Task to complete ->
Nothing but the lines from the one with "Remove the throttle" down to the one with "Reverse: Handwritten in" should be returned, exactly and with both ends included, from the material below.

Dataset records ->
----
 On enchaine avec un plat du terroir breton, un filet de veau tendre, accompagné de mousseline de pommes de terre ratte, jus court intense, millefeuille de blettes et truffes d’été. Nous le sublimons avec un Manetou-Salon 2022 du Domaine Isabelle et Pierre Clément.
----
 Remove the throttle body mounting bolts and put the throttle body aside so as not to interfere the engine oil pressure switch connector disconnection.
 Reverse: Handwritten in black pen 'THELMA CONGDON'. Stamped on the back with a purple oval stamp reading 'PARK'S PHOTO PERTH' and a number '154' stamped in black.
----
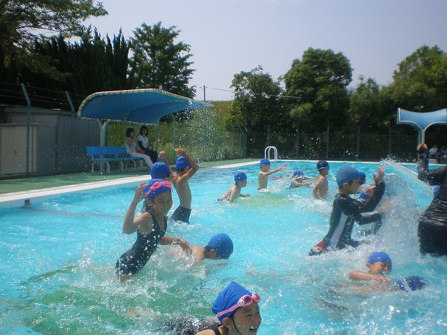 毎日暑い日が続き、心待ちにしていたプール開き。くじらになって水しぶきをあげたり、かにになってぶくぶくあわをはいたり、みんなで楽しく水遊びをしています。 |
----
Response area ->
 Remove the throttle body mounting bolts and put the throttle body aside so as not to interfere the engine oil pressure switch connector disconnection.
 Reverse: Handwritten in black pen 'THELMA CONGDON'. Stamped on the back with a purple oval stamp reading 'PARK'S PHOTO PERTH' and a number '154' stamped in black.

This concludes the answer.